We mounted the wide steps, and Wilson tugged the big rolling barn door open enough for us to squeeze inside the cool space. One small victory: we had AC.

“So here it is.” Wilson led me into the dark interior.

The open room had to be like sixty or seventy feet long and half that wide. A few scurrying noises made me think of rats, not wine.

“It’s big.” I sounded like an ungrateful and totally overwhelmed jerk.

I’d marketed household consumer products like air fresheners and laundry detergents. My capabilities were about to be stretched to their limits. I had no experience in event planning or running a massive venue. Buying ad space, writing press releases, and running social media campaigns were in my wheelhouse. Standing in the dark, dusty, cavernous space felt more tangible than any of that. The building’s scale drove home how big of a thing I’d begged to take on.

I was excited about wine in a way I never was about glass cleaner. But reality was daunting. I’d forced my way into this position. I could not screw it up.

“It’s what we’ve got. No building permit required. No construction company needed.” He spread his arms wide and made a few slow circles. Swap his jeans and boots for a dirndl, he’d be Maria Von Trapp in the opening of the Sound of Music, spinning on a hilltop.

My first thought that it was an old barn had to be wrong. It had narrow plank wood floors that any decorator in Chicago would kill for despite the layer of dust and no horse stalls. It could be a church that had lost its steeple over the last hundred years. The layout was right.

Currently, it functioned as a storage building. A few old saddles and other stuff for horses lay on the ground to our left. Some rusty farm equipment sat in a sunbeam, and what I thought was a pile of stakes used to hold up the vines rested in the far corner.

“We’re going to need a cleaning crew and exterminator.” I took my turn walking in a circle; I didn’t twirl like he had, too overwhelmed by the magnitude of the undertaking ahead.

Wilson’s unconcerned meh didn’t make me feel any better.
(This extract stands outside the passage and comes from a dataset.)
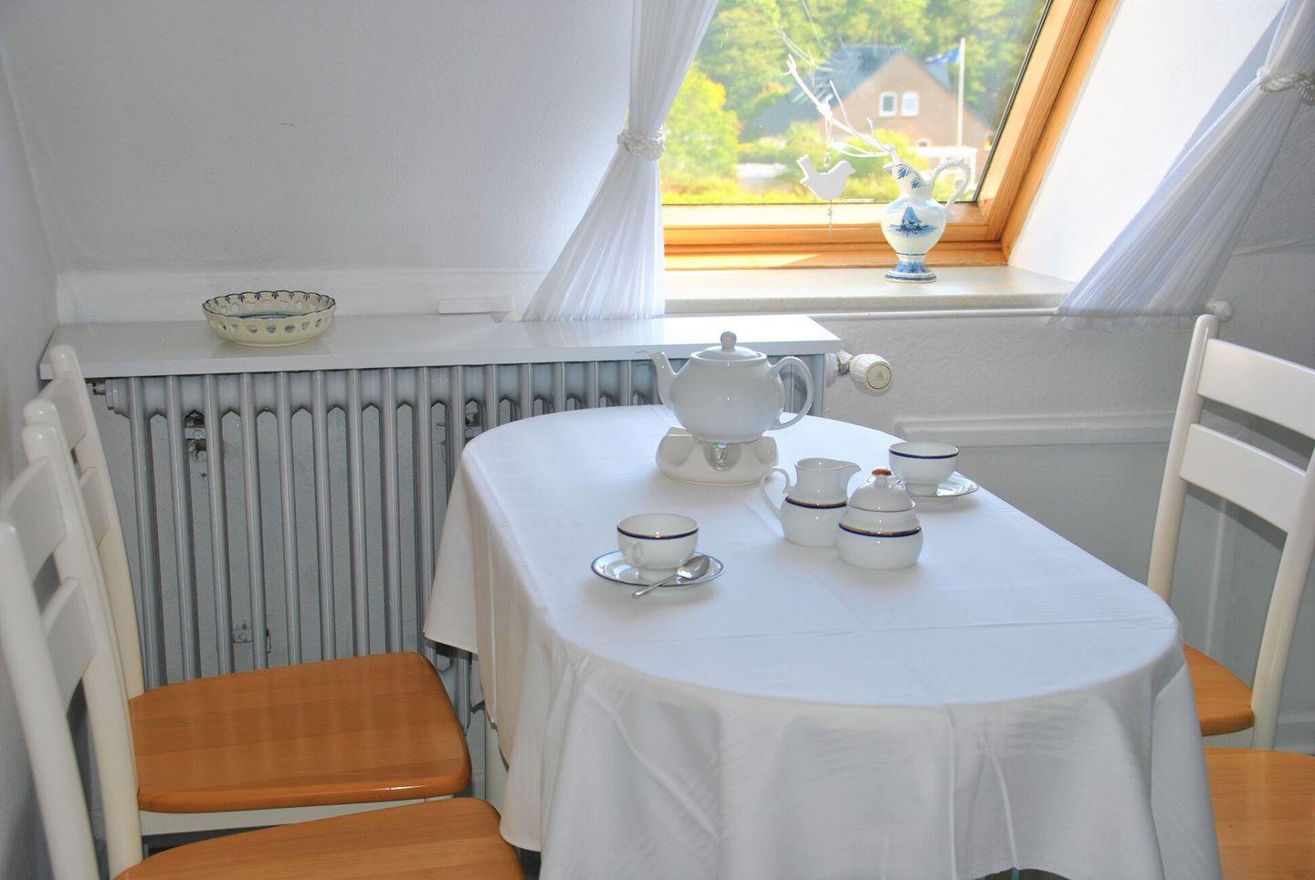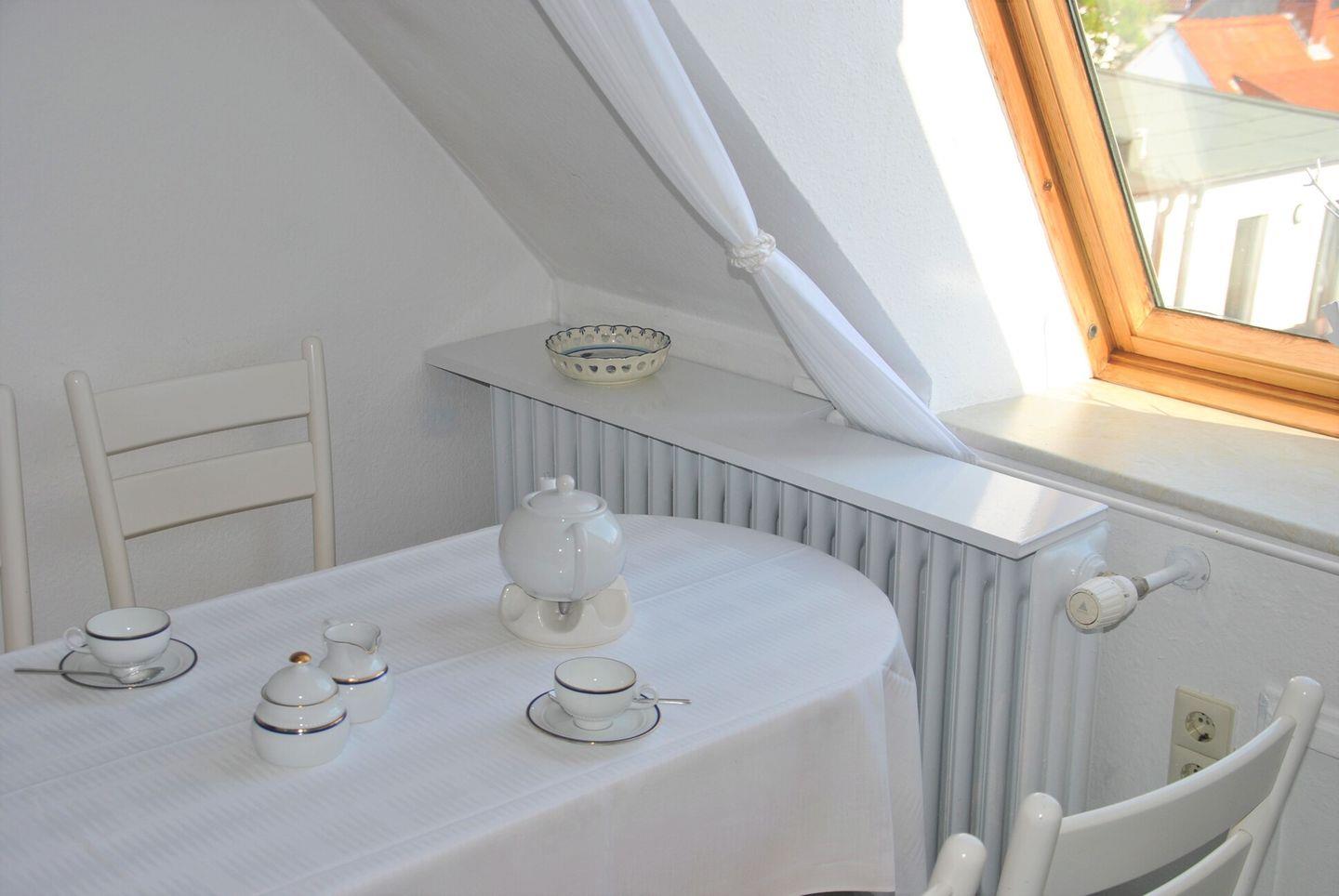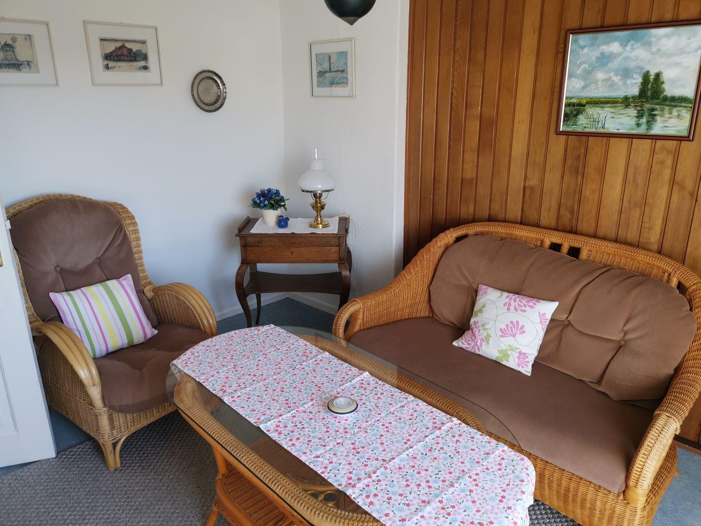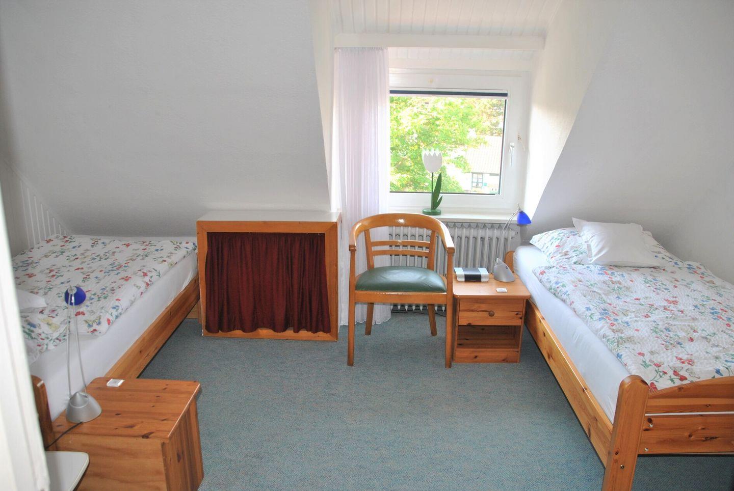 Das gemütliche Appartement im 2. OG verfügt über zwei separate Schlafzimmer mit jeweils zwei Einzelbetten, Küchenzeile mit Essecke, Badezimmer mit Dusche/WC, Wohnraum mit Kabel-TV und Essbereich. WLAN im Haus!

Overhead, exposed rafters curved in elegant arches, reminding me again of a church. The shuttered windows were new but dusty and only allowed in slivers of light. I could imagine them open and sunshine bathing the inside. It would be stunning, especially with the addition of an oversized light fixture. It needed to be one-of-a-kind, oiled bronze, or something else rustic and chunky. I hoped there was a place to shop for it here in Elmer—everything had to be local.

“What was it?” Still taking it all in, I asked my brother without looking at him.

“One-room schoolhouse built in the late eighteen hundreds.” Wilson sounded smug.